Experts weigh in on regulations needed as health leaders integrate artificial intelligence into patient care.

© U.S. Senate Finance Committee

Witnesses are seated at the table ahead of testimony Feb. 8, 2024, in the U.S. Senate Finance Committee hearing, “Artificial Intelligence and Health Care: Promise and Pitfalls.”
© U.S. Senate Finance Committee

Federal lawmakers said they have plenty of questions as they consider regulations for artificial intelligence (AI) and how physicians and other clinicians develop it for patient care.

On Feb. 8, 2024, the Senate Finance Committee convened for the hearing, “Artificial Intelligence and Health Care: Promise and Pitfalls.” Five experts testified about the current uses of AI, regulations needed, and what is to come.

Committee Chair Sen.
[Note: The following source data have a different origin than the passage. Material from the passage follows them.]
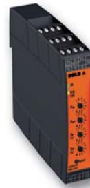
Softstarter UG 9019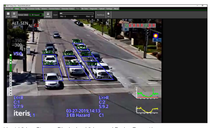
Next Video Stream Displaying Video and Radar Operation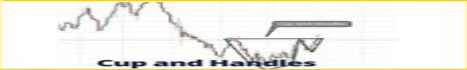
Cup and Handles

Ron Wyden (D-Oregon) touched on the promise and pitfalls in his opening statement.

“There are a lot of reasons to be optimistic about the potential of AI to improve health care,” Wyden said. “Today, the industry faces a host of challenges, all made worse by the strain of the COVID pandemic on our health system. There's a workforce shortage. Existing providers are facing high rates of burnout, health care costs rising faster than wages. And there is an ever-growing gap between the care that's needed and the care that's being delivered. Already AI tools are being deployed to reduce some of these pressures, and ease the strain on the industry and providers.”

Wyden also cited the research of one of the hearing witnesses, emergency physician Ziad Obermeyer, MD, associate professor and Blue Cross Of California distinguished professor at University of California – Berkeley. Obermeyer was coauthor of a 2019 study that detected racial bias in an algorithm used to analyze patient health risks.
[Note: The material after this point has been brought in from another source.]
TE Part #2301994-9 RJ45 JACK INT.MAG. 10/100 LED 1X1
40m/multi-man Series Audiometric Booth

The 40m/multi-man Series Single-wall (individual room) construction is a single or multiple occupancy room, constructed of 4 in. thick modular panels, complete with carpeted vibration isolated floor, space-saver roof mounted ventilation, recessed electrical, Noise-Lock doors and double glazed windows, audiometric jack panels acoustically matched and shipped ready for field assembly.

“Dr. Obermeyer found that the tool on average required black patients to present with worse symptoms than white patients in order to qualify for the same level of care. Folks, that is not a close call. It's just not,” Wyden said. The witness panel took questions and shared insights with at least 11 other Senators over the two-hour session.

Reimbursement needed

Siemens Healthineers has been applying AI to health care for more than 20 years. The company is the only one capable of end-to-end cancer care, said Peter Shen, the company’s head of digital and automation for North America. AI will be used to diagnose changes in brain volume over time, a potential predictor of neurodegenerative disease such as Alzheimer disease, Shen said.

The U.S. Centers for Medicare & Medicaid Services (CMS) has recognized the value and the complex nature of algorithm-based health care services. But CMS’ reimbursement policies have not uniformly and consistently reimbursed physicians and other clinicians for those services, he said.

“This inconsistent unpredictable approach stifles adoption by providers, especially in rural and underserved areas, and therefore restricts patients access to new and innovative diagnostic tests and treatments,” Shen said.

“Guaranteeing a consistent reimbursement process would empower hospitals and providers to invest in AI confidently ensuring their services are appropriately reimbursed,” he said. “Without this financial support. These providers will face difficulties in embracing and integrating AI technologies, ultimately potentially denying revolutionary services to patients.”

Just getting started

Federal “guardrails” will help the few organizations already on the AI adoption highway, said Mark Sendak, MD, MPP, co-lead for the Health AI Partnership at Duke University.

But other health care organizations need AI roads, on-ramps and bridges, Sendak said.

“Most health care organizations in the U.S. need an on ramp to the AI adoption highway,” he said. “They are struggling with clinician burnout, they face razor-thin or negative margins. They are entirely dependent on external EHR (electronic health record) vendors for technology, expertise and assistance. Simply put, they do not have the resources, personnel or technical infrastructure to embrace guardrails for the AI adoption highway.”

Some 15 years ago, Congress funded the procurement of EHRs with 62 regional extension centers to support EHRs in low-resource settings. EHRs are far from perfect, but federal programs enabled broad adoption of the technology, and health care organizations need technology infrastructure to integrate and monitor AI tools, Sendak said.

Creating standards

Hospital leaders recognize the need to vet AI tools, but most don’t have robust review processes yet and they need help, said Michelle M. Mello, JD, PhD, professor of health policy and of law at Stanford University.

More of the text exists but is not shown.